I praised the CDK's construct-based component model and its integration with other AWS tools and with existing programming language ecosystems. But during my six months journey I faced also a few difficulties which I describe next.

Moving resources

I like maintaining code which groups resource definitions into high-level, application-specific modules like "storage layer" or a "compute cell" because the structure provides me context about a particular resource's role in the application. As I mentioned before, constructs provide a great modeling tool for building up these modules.

The CDK computes a resource's unique identity based on its path within the construct tree. Hence, when you move a resource from one high-level construct to another, CloudFormation interprets this change as an instruction to recreate that resource under a new identity. Depending on the resource, this might cause service interruption, data loss, or both.
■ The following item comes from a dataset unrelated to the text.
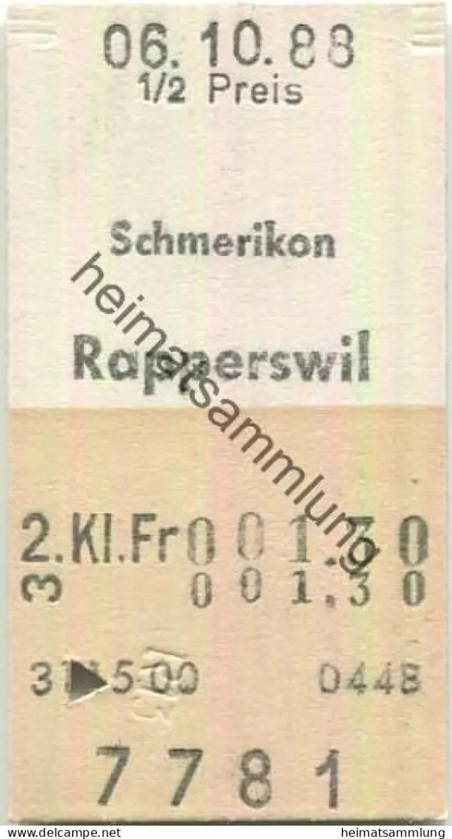Schweiz - Schmerikon Rapperswil einfach - Fahrkarte 1/2 Preis 1988 (G62903)

A technique I learned from the CDK documentation protects against accidental resource destruction: I add a unit test that asserts the stability of the critical resource's logical identifier.

Using deferred values

In a CloudFormation template a Ref refers another resource's property. During deployment, the CloudFormation service orders resource creation such that it can substitute the Ref with the property's actual value.

The CDK models references using tokens. These tokens present as regular TypeScript strings, but their values use a special encoding. This design choice lets you write code that looks like direct property access, which the CDK translates into Refs when needed. On the flip slide, you lack a clear signal when you handle one of these deferred values.

Fortunately, most of the code I write avoids inspecting or manipulating tokens. If you develop a construct library I suggest studying how to check for unresolved tokens in your constructs.

EKS Blueprints

The final point I want to make doesn't concern the CDK itself; it highlights a self-inflicted problem that can surface in any project. At work, we use the EKS Blueprints library which, to me, creates more issues than it solves. Instead of using plain constructs, this library layers a bespoke dependency injection system on top of the CDK's existing construct programming model. Also, this implementation heavily relies on async/await, which makes escaping its patterns incredibly difficult.

Summary

If you build on AWS, I suggest using the Cloud Development Kit. You may have reasons to choose something else, but I believe you should consider the CDK first before anything else. For learning, I recommend the official documentation, and especially the best practices section which offers many useful tips on structuring your AWS accounts, deployment pipelines, and CDK code. Finally, use any constructs from the CDK, but think twice before importing other construct libraries.